▸ Dataset excerpts

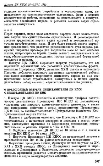 Пленум ЦК КПСС. Москва, 18—21 июня 1963 г. Постановление Пленума. О предстоящей встрече представителей ЦК КПСС с представителями ЦК КПК // Печатается по тексту книги: Пленум Центрального Комитета Коммунистической партии Советского Союза. 18—21 июня 1963 года. Стенографический отчет. М., 1964.
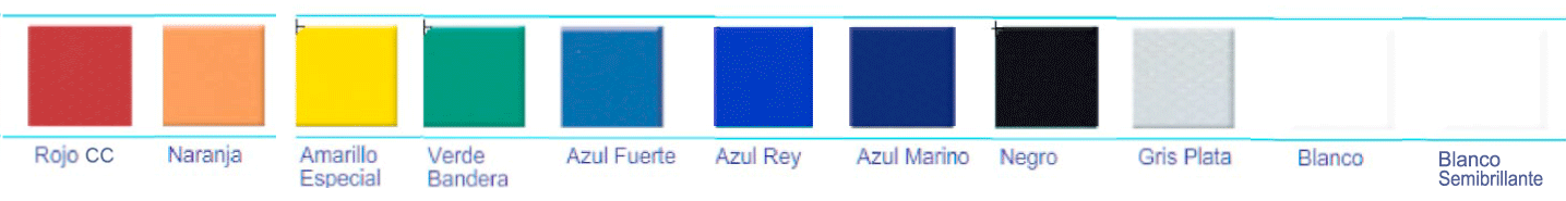 Tela 100% poliéster de alta tenacidad cubierta por ambos lados de PVC flexible. Disponible en diferentes colores
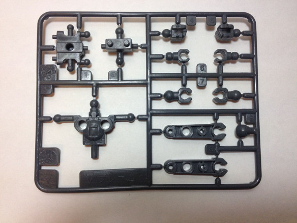 ▼ 將兩種以上不同材質的塑料在同一框架上成型,切割下來便是完整的可動機械內骨架系統,製作相當方便,和過去以PE軟膠關節的結構相比,可動度更向上提升了一階。
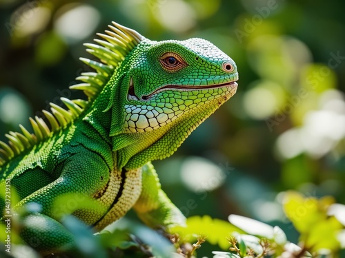© renuga sachan, Obraz premium Majestic Green Iguana, Exotic Reptile Portrait
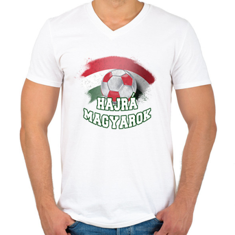 1 kép PRINTFASHION Hajrá magyarok - Férfi V-nyakú póló - Fehér
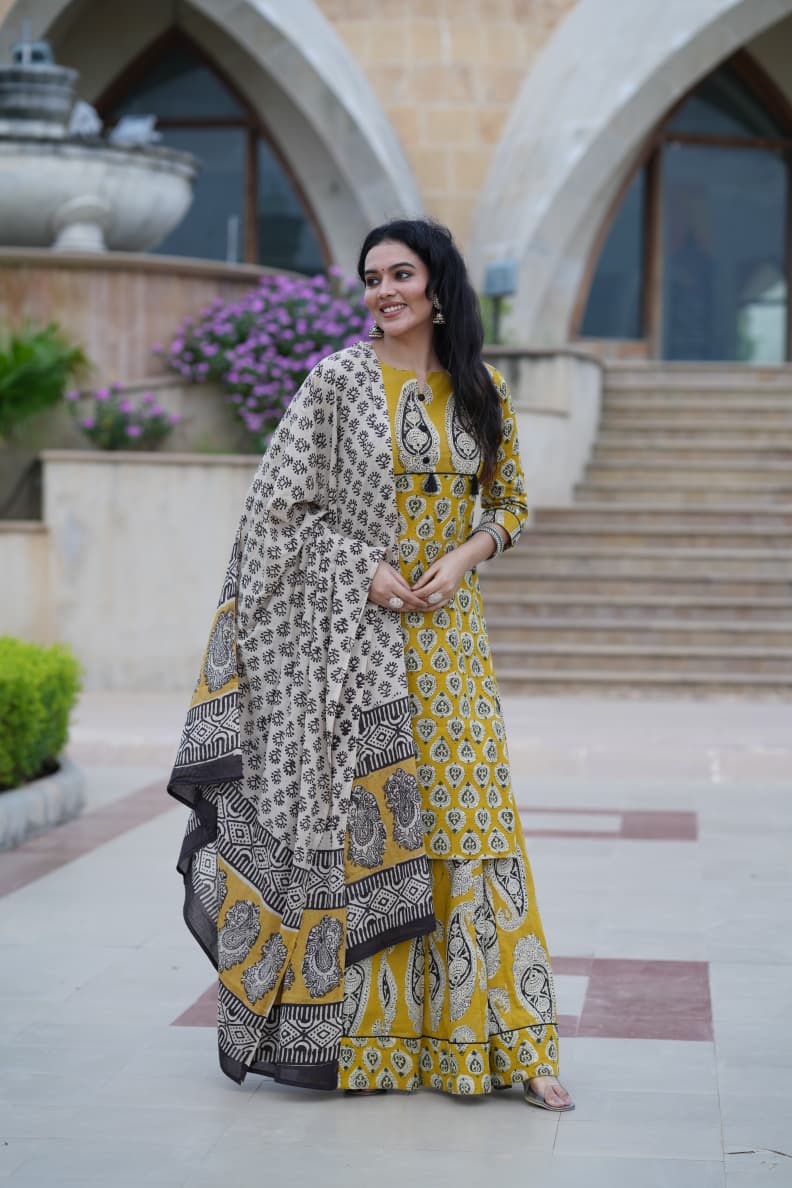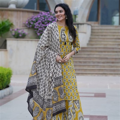 Elevate your ethnic wardrobe with this artisanal ensemble featuring intricate hand block printing on soft, breathable cotton fabric. The long kurta boasts floral patterns in mustard yellow, harmonizing with the palazzo pants and dupatta. Embrace traditional craftsmanship and timeless style with this premium ethnic set.
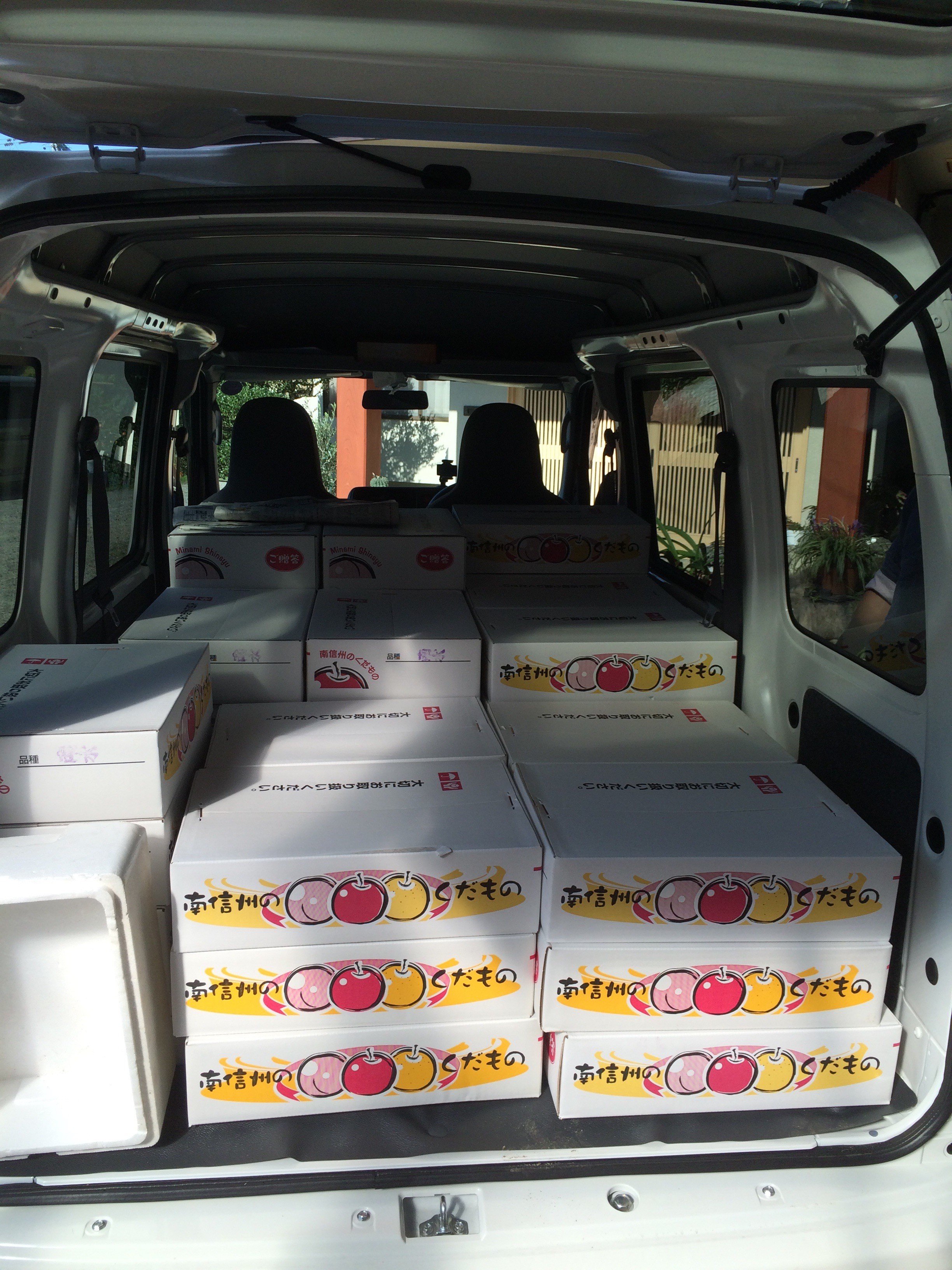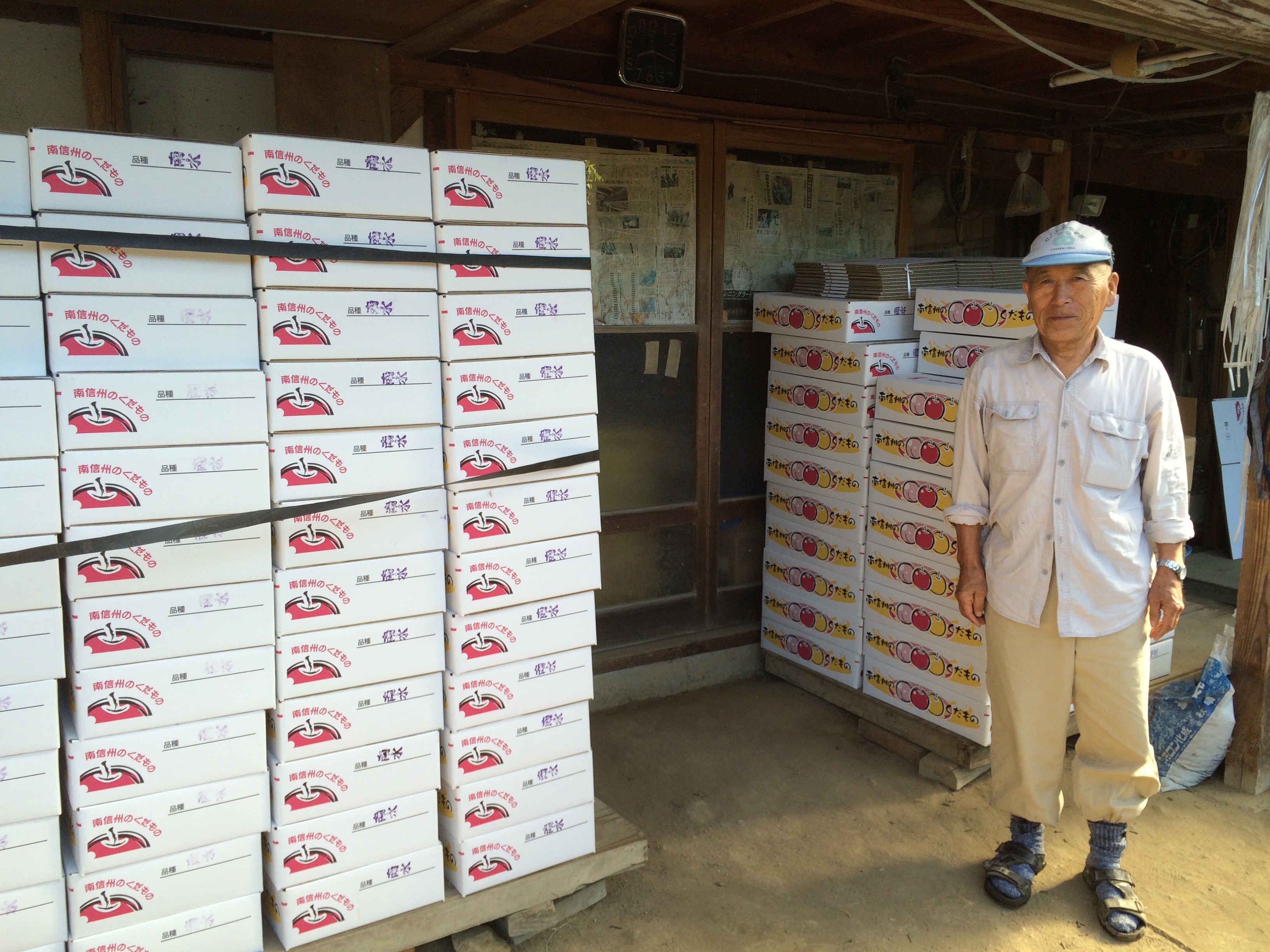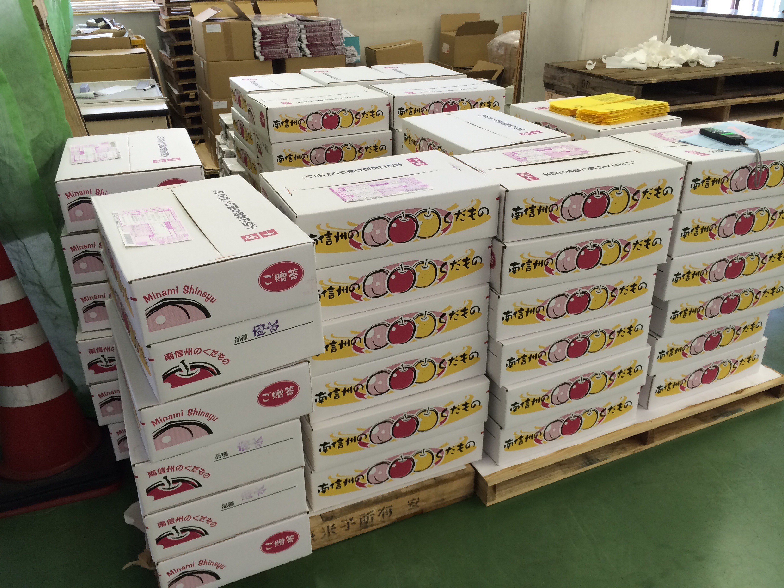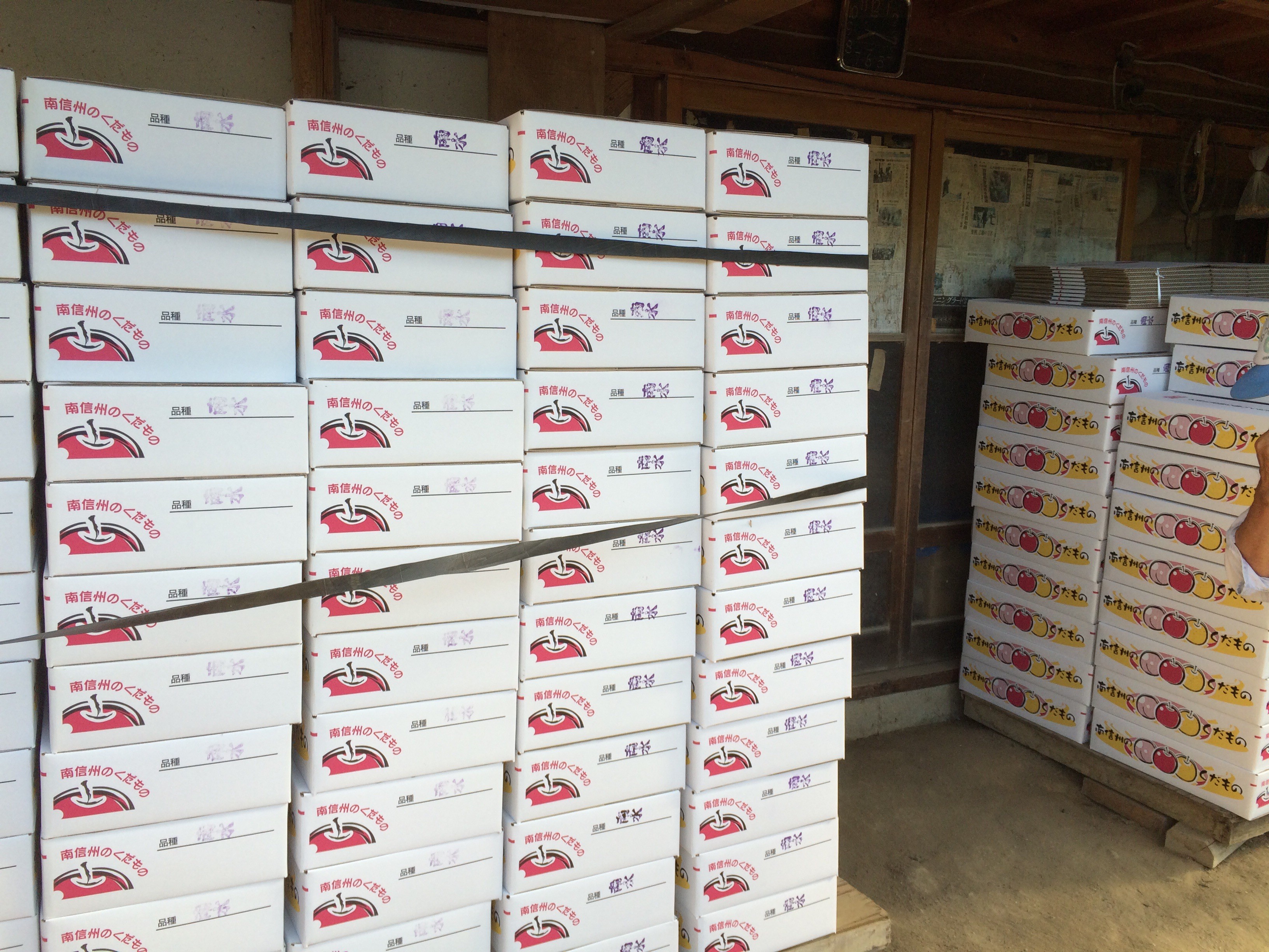 そこには、こんなふうになしの箱が山積みになっていました。それを2台のトラックに積んで運び出します。朝から汗だくの作業でした。
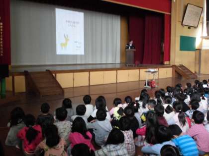 新年度がはじまって一カ月。新しい環境にも慣れてきたみなさん。朝からしっかりあいさつができました。校長先生のパワーポイントを使った朝会でのお話をきき,きまりや約束は何のためにあるのかをしっかり考えることができました。みんなが笑顔で気持ちよく過ごせる神川小学校にしていきたいと思います。
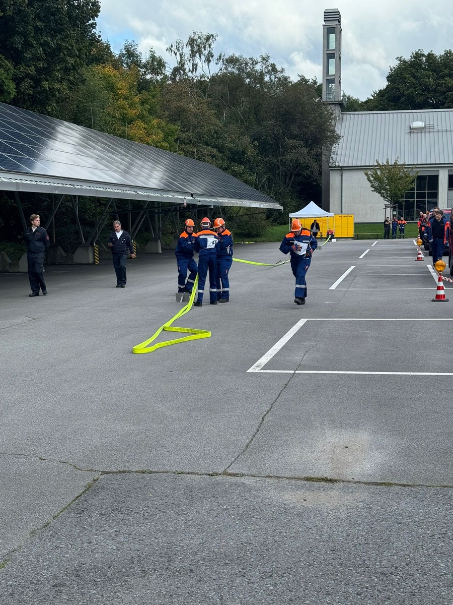 5. Schnelligkeitsübung: Zum Abschluss musste nochmal gerannt werden. Bei der Schnelligkeitsübung galt es von den Jugendlichen insgesamt 8 C-Schläuche auf gerader Fläche zu einer langen Schlauchleitung zu verlegen. Die Schlauchleitung darf keine Dreher haben und muss in 75 Sekunden verlegt sein.
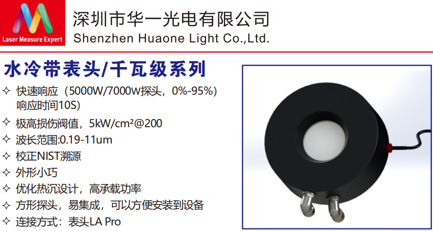 快速响应(5000W/7000W探头,0%-95%响应时间10S) 极高损伤阀值,5kW/cm²@200 波长范围:0.19-11um 校正NIST溯源外形小巧 优化热沉设计,高承载功率 连接方式:表头LA Pro
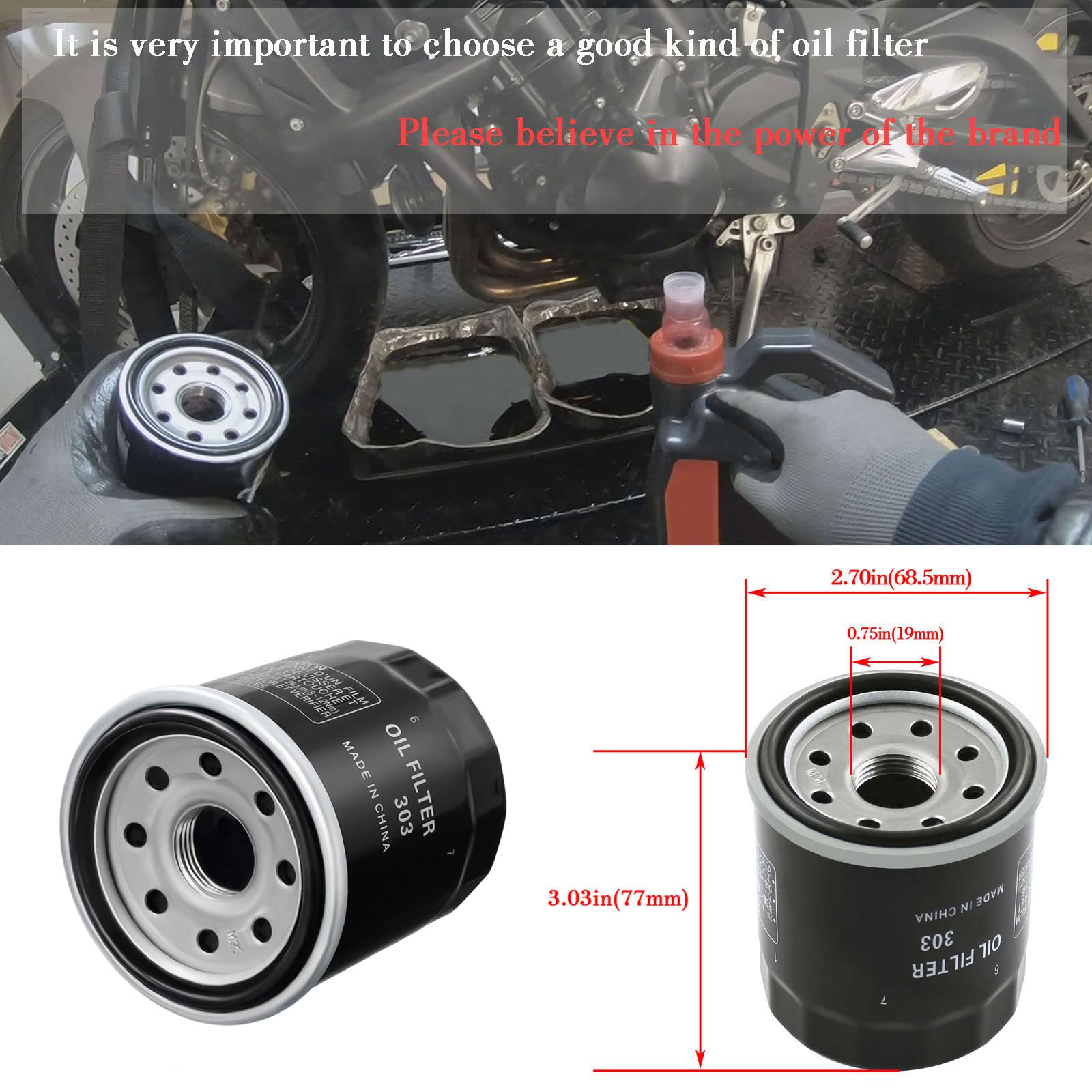 Qui nous sommes À propos de notre société : Notre société est spécialisée dans la production de toutes sortes d'accessoires automobiles et de motos et de produits connexes. Performances stables La conception haute performance du produit peut éliminer efficacement les polluants produits par la combustion de l'huile, avec des performances élevées du moteur et des performances stables du produit. Road Passion Filtre à l'huile HifloFiltro HF 303 C filtre à huile chromé Honda Kawasaki Yamaha Polaris - HF303C Kit Bi Xénon HID 35W ou 55W pour Yamaha YFM 450 Wolverine - GARANTIE A... Yamaha Wolverine Filtre à Huile Yamaha Quad YFM Wolverine 4x4 - 450 Cc Filtre Auto Nous avons de nombreuses années d'expérience dans la fourniture d'accessoires et de pièces de rechange. Remarque : ce produit ne s'applique qu'aux modèles spécifiques répertoriés, veuillez vérifier attentivement la description du produit Nom du produit : 303 Filtre à huile ; Qualité du produit : 100% neuf ; nos produits sont soumis à des tests de qualité rigoureux et répondent aux normes OEM ou les dépassent Matériel de haute qualité Utilisant un matériau de haute qualité, le boîtier du filtre a une pression stable, solide et durable, anti-corrosion, résistant à l'usure et durable. Modèles applicables: compatible avec Honda 15400-PFB-007 / 15410-MM5-003 / 15410-MM9-003 / 15410-MM9-013 / 15410-MM9-305 / 15410-MM9-405 / 15410-MM9-P00 / 15410-MM9-P01 / 15410-MM9-P03 / 15410-MT7-003 / 15412-MT7-003; compatible avec Polaris 308 49 63
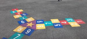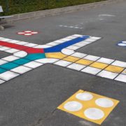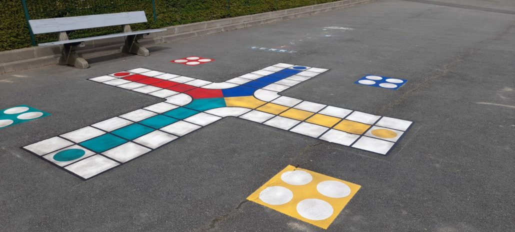 Le 1er pour les maternelles, une triple marelle et le 2nd dans la cour de récréation des élèves de primaire, le jeu des petits chevaux, où dans ce classique, les enfants remplacent les chevaux. Des marquages au sol très colorés et ludiques !
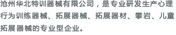 滄州華北特訓器械有限公司成立于2002年,是專業(yè)研發(fā)生產心理行為訓練器械、拓展器械、拓展器材、攀巖、兒童拓展器械的專業(yè)型企業(yè),并通過ISO-9001質量管理體系認證及ISO-14001環(huán)境管理體系認證,致力于各職業(yè)群體提供的心理行為訓練器械、拓展器械、攀巖、兒童拓展器械等設備,使之不斷提升心理健康水平、充分開發(fā)自我潛能。我公司竭誠為廣大客戶提供專業(yè)化各類心理行為訓練器械相關產品和服務。
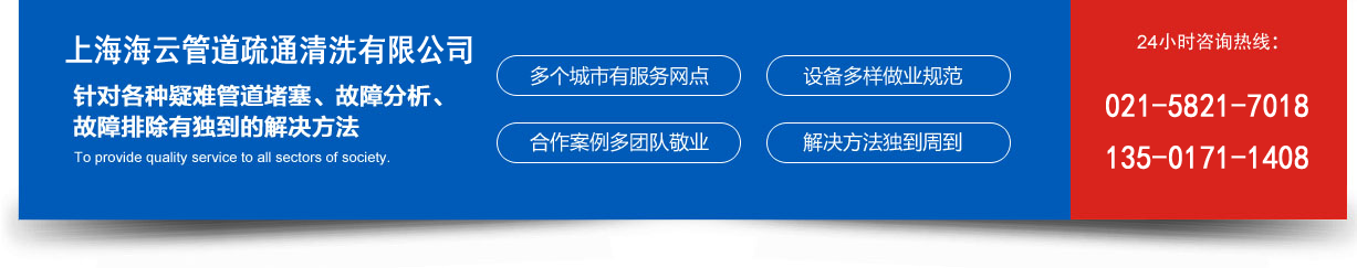 上海海云管道疏通清洗有限公司是一家集市政管道清洗、工业管道清洗、管道机器人检测、管道维修、环卫吸污、家政服务、管道疏通、非开挖工程施工为一体的综合性服务公司。公司拥有各种大中小型的先进管道疏通机、化学疏通剂等各种疏通设备,专业疏通各种厂矿、居家、宾馆、门店的大小下水道、马桶、浴缸、地漏、组合试下水道等。 长期清理化粪池、隔油池,单位可长期承包定期清理。

▸ Brief
In the records above, find the line with "滄州華北特訓器械有限公司成立" and copy from it through the last line exactly, without the pictures.

▸ Task result
 滄州華北特訓器械有限公司成立于2002年,是專業(yè)研發(fā)生產心理行為訓練器械、拓展器械、拓展器材、攀巖、兒童拓展器械的專業(yè)型企業(yè),并通過ISO-9001質量管理體系認證及ISO-14001環(huán)境管理體系認證,致力于各職業(yè)群體提供的心理行為訓練器械、拓展器械、攀巖、兒童拓展器械等設備,使之不斷提升心理健康水平、充分開發(fā)自我潛能。我公司竭誠為廣大客戶提供專業(yè)化各類心理行為訓練器械相關產品和服務。
 上海海云管道疏通清洗有限公司是一家集市政管道清洗、工业管道清洗、管道机器人检测、管道维修、环卫吸污、家政服务、管道疏通、非开挖工程施工为一体的综合性服务公司。公司拥有各种大中小型的先进管道疏通机、化学疏通剂等各种疏通设备,专业疏通各种厂矿、居家、宾馆、门店的大小下水道、马桶、浴缸、地漏、组合试下水道等。 长期清理化粪池、隔油池,单位可长期承包定期清理。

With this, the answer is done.